# Not Sure what to do



## snowwhitekitten (Oct 22, 2011)

I've been married for just a little over a year now, with my husband since we were 18 got married at 23. I had always been positive about our relationship working through whatever problems we had. I invested everything into the relationship, even when people told me I deserved better I didn't listen and I told them they didn't know him like I did.

However recently things have gotten worse, I have felt like I am taking care of a child, unappriciated for the things I do, and somewhat used. I almost have no interest in being intimate with him at all; I feel as if it is almost work. I have never felt this before, but recently I just don't want to be intimate; part of it is because I feel he is very forceful about it there is no romance it's purely sex with him.
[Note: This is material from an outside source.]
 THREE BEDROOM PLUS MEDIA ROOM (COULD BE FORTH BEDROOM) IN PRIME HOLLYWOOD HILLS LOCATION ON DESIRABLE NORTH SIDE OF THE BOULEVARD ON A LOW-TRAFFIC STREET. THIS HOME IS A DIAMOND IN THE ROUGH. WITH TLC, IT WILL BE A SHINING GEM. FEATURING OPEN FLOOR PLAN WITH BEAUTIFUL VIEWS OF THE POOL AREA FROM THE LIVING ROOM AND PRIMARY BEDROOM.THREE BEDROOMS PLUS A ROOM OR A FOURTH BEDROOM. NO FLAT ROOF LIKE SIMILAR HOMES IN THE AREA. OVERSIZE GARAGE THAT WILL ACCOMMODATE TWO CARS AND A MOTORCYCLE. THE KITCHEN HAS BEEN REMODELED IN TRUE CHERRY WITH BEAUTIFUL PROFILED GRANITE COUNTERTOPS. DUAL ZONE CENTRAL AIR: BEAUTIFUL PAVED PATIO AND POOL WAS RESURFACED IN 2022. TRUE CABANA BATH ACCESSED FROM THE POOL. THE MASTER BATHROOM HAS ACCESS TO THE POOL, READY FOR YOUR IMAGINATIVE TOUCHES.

I have tried to have the conversation with him about these issues but he just ends up turing it around on me telling me what i'm not doing right.

What has made things worse is that recently he has told me he has been extremely depressed, thinking of harming himself and possible suicide. His depression is something we have been dealing with our whole relationship. I have begged him to seek help, he says this time he will but I'm not sure if he really will. I have been the supportive partner through this before but I'm just not sure if I can deal with it again.
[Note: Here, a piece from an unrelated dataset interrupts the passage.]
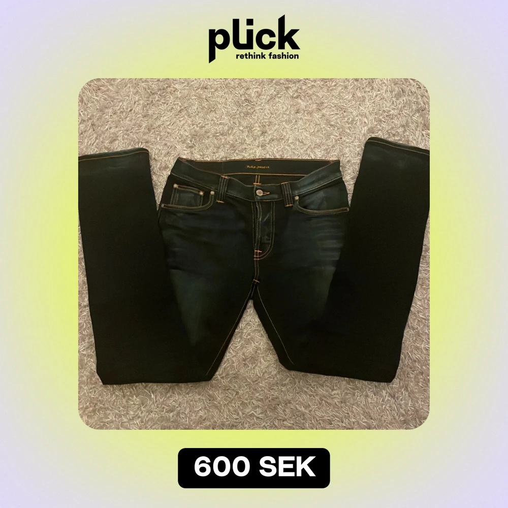 Snygga mörkblåa jeans från Nudie Jeans med orange sömmar. Jeansen har en normal passform och är tillverkade i denim. Skick 9/10, jag har använt dom 2-3 gånger. Priset är förhandlingsbart, fråga om det är något du undrar!!

Things have recently come to head for me because I have started feeling like I do not want to be married but just 24, I want to go out and have fun with my friends. However on the other hand I love my husband I honestly do, I do not want to get a divorce but I wonder if I made the right choice. I do not want to regret my marriage with him but I also don't want to get a divorce and realize I've made a horrible mistake.
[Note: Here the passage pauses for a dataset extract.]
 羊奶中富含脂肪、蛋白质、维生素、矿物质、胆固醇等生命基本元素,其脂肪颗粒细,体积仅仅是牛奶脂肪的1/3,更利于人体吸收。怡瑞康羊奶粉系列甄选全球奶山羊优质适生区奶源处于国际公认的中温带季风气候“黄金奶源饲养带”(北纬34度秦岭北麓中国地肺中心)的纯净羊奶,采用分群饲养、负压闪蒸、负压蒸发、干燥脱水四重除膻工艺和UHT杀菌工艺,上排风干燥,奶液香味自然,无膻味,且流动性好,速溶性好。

I feel like I have no one to talk to because I'm afraid of how he will react and I do not want my friends and family to judge me. I need help and guidance because I do not know what to do and it is driving me crazy


----------



## Blanca (Jul 25, 2008)

Loving a depressed person can suck the life out of you. They take and take and you feel guilty for not being able to do more. But at some point you have to let them take care of their own happiness. Try reading Dr. Phil's Relationship Rescue or Boundaries in Marriage by Cloud and Townsend. Also read up on co-dependency.


----------



## Michelle27 (Nov 8, 2010)

Talking about suicide is a major red flag. He needs to be seen by a professional pronto!

And I have been dealing with my husband's depression for over 5 years, so I know how hard that can be. I spent way too long trying to "fix" it for him...pushing him to get help and making recommendations and ultimatums. It never worked. Know what did? Finally taking care of myself rather than him. He seemed to finally "get it" that it wasn't MY problem, but his and he had the responsibility to work on it himself. It's early in the process, but for the first time in a long time, I really do have hope again.


----------